In ms-access if a user is created called 'ted' and given a password, then deleted and then a user called 'ted' recreated. The first ted and second ted are not the same. In addition to the visible name, there is a hidden unique code which is generated each time a user is created. This makes it impossible to recreate a deleted user. I just wonder if PostgreSQL has hidden logic like that that can bamboozle a new user.

The key issue I am having is that when I define permissions for a user on a particular database via PgAdmin III, I can't connect to the database using that users name and password from QGIS.

Currently, I am using SpatialLite to avoid this issue.

Best Answer

  1. The documentation should cover that pretty well. See in particular pg_hba.conf. It's hard to make "simple" guides on security, because if you simplify in the wrong way you make it wrong.

  2. Trivially so long as you have the ability to edit pg_hba.conf and reload the server. Just add an pg_hba.conf entry with trust authentication, reload PostgreSQL (pg_ctl reload, /etc/init.d/postgresql reload, whatever), change the password, and put pg_hba.conf back how it was.

  3. Disabling hostbased and password login security in PostgreSQL can be done by setting trust authentication in pg_hba.conf. It's usually much saner to use peer authentication for local connections instead, but this only works on unix systems.

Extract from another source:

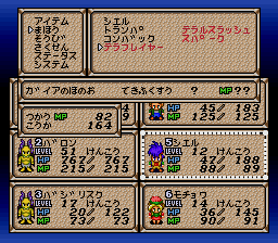 町やダンジョンに落ちているがらくたを拾った時やがらくた屋でがらくたを買ったらリュックサックの中に入れ、「くみたて」を実行しておくと少年がガイアパーツをつくってくれます。ガイアパーツは戦闘の魔法コマンドで使うと威力を発揮します。

  4. Users are just roles with the LOGIN attribute. Roles are global across the server. Most GRANTs of rights to users/roles are specific to particular databases or objects within databases. See the documentation for the GRANT command.

  5. "trick?". I think you'll want to post a new, more detailed and specific question on https://dba.stackexchange.com/ with the details, including exact commands run, exact error messages, etc.

I'm kind of surprised by your expectation that dropping then re-creating a user would retain their settings. This would create the opportunity for colossal security holes. The sysadmin joe leaves, you drop their account. New data entry joe starts, you create their account. Oops! The new Joe has all the rights of the completely different old Joe.

If you drop a table then re-create it, does it still have its contents? Why would users/roles be any different?

If you don't want to drop a user account, don't drop the user account. Disable it by REVOKEing CONNECT rights on the database(s), changing their password, etc.